A nova teoria é o turning point do conto. A ação a partir daí se precipita numa sucessão de internações descabidas. A população:
“Não se sabia já quem estava são, nem quem estava doido.”
O narrador dirá, com sabedoria:
“Daí em diante foi uma coleta desenfreada. Um homem não podia dar nascença ou curso à mais simples mentira do mundo, ainda daquelas que aproveitam ao inventor ou divulgador, que não fosse logo metido na Casa Verde. Tudo era loucura. Os cultores de enigmas, os fabricantes de charadas, de anagramas, os maldizentes, os curiosos da vida alheia.”
Nesse ponto vê-se claramente que a ficção, a imaginação, qualquer excesso do espírito não passava incólume ao cartesianismo do Dr. Bacamarte, culminando até mesmo na internação da própria D. Evarista. Em todos esses momentos, o narrador, que encobre o autor-implícito, faz a ruptura entre o homem de ciência e o homem de ficção, onde o primeiro enlouquece por excesso de imaginação “científica” e o segundo porta uma contundente verdade. Enquanto o homem de ciência despreza, encarcera, simbolicamente, o homem de ficção, este se “vinga” demonstrando onde está o falso: a partir daí o contista vai revelar que a exigência lógica do próprio cartesianismo é o que vai arrastar o alienista à Casa Verde. Dr. Bacamarte começa a desconfiar que sua teoria deve estar errada na medida em que, ao cabo de certo tempo, 4/5 da população se encontra internada. O Dr. Simão vai ser obrigado, por uma questão de estatística, a concluir então pela teoria oposta: estatisticamente, a loucura só pode, então, ser o inverso de qualquer excesso: o perfeito juízo, ou seja, o perfeito equilíbrio das faculdades mentais. Dr. Simão liberta então a todos. Ainda assim, resta a determinação pela câmara de que sejam internados aqueles que demonstram o perfeito equilíbrio das faculdades mentais. Nesta parte, o conto sofre outra reviravolta. Aqueles que durante as rebeliões e ao longo das peripécias do nosso herói demonstraram sensatez e equilíbrio, são internados para estudo.
Bacamarte, por intermédio de seu tratamento, consegue provocar em seus “doentes” alguma prova de desmesura: seja algum excesso de ambição encoberto, seja alguma pequena distorção da realidade, seja alguma mentira com fins pouco nobres, etc.

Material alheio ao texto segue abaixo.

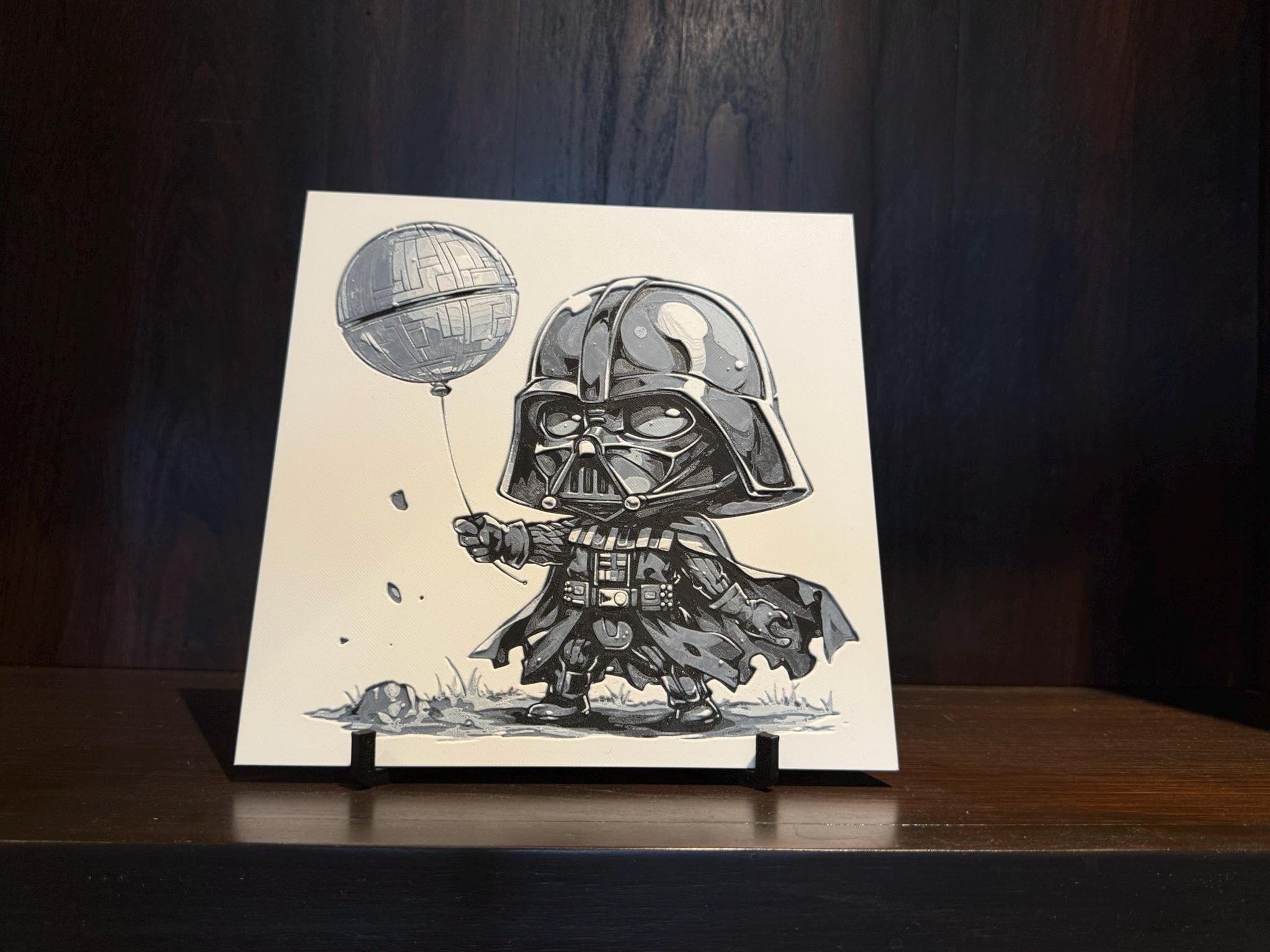 A hueforge of Darth Vader chibi holding a Death Star balloon.

E, assim, consegue libertar um por um, esvaziando a Casa Verde.
Surpreende-se, contudo, o nosso obstinado alienista: não haverá em Itaguaí um único louco?
A partir daí está preparado o terreno para o tragicômico desfecho da história, fatal para o herói, pois a conseqüência lógica é que o próprio Bacamarte, conta o narrador:
“Achou em si os característicos do perfeito equilíbrio mental e moral. Poderia considerar-se um acabado mentecapto!. Ainda assim, em seu afã objetivista, Bacamarte convoca os amigos que ponderam com ele:
Dr. Simão possuía todas as qualidades do perfeito equilíbrio mental: sagacidade, paciência, perseverança, tolerância, veracidade, vigor moral, lealdade. E o pior: mais uma qualidade ¾ a da modéstia, que o impedia de ver-se como tendo o juízo perfeito:
Era decisivo. Simão Bacamarte curvou a cabeça juntamente alegre e triste, e ainda mais alegra do que triste. Ato contínuo, recolheu-se à Casa Verde (..) ¾ a questão é científica, dizia ele; trata-se de uma doutrina nova, cujo primeiro exemplo sou eu. Reúno em mim mesmo a teoria e a prática.”

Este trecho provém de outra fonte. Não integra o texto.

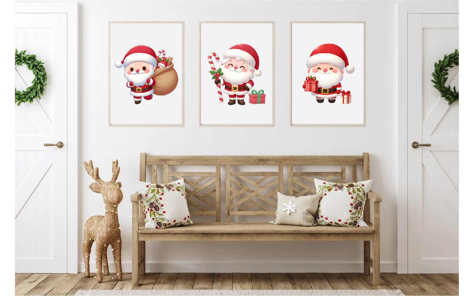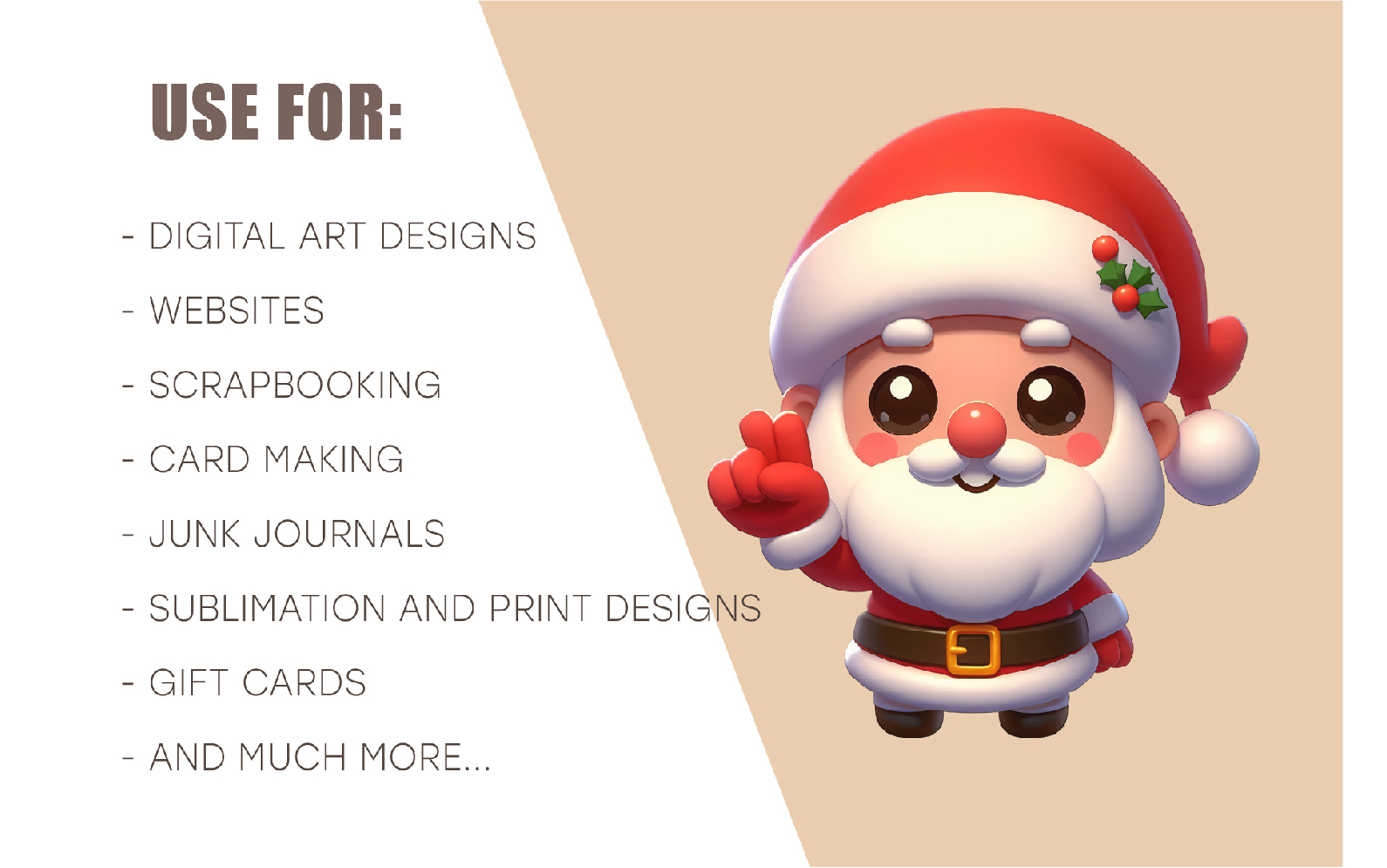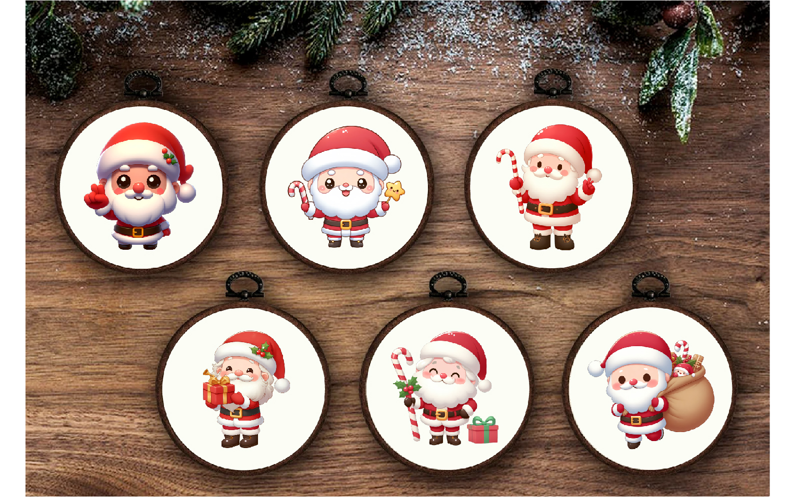 Set of 10 Christmas stickers PNG files with Santa Claus on transparent background. Can be used as stickers, magnets, cut out and turned into decorations, used as a shaped card or decorative element.

Simão Bacamarte morre dali a 17 meses, sem ter podido alcançar nada. A alusão é evidente: sujeito e objeto do conhecimento se fundem, e a metodologia positivista fracassa.
Freud teve melhor sorte.
O encerramento de Freud em sua Casa Verde particular, a sua conhecida auto-análise, resultou na elaboração de sua obra magna, A interpretação dos sonhos, onde ele elabora uma nova lógica para a vida psíquica, a lógica do inconsciente, respondendo, assim, o pensamento humano por uma nova sintaxe, para além da sintaxe do homem diurno da vigília. Um novo modo de conhecer, um novo paradigma é criado pela Psicanálise, que nada tem a ver com o paradigma da medicina, muito embora brote de seu interior, particularmente da neurologia.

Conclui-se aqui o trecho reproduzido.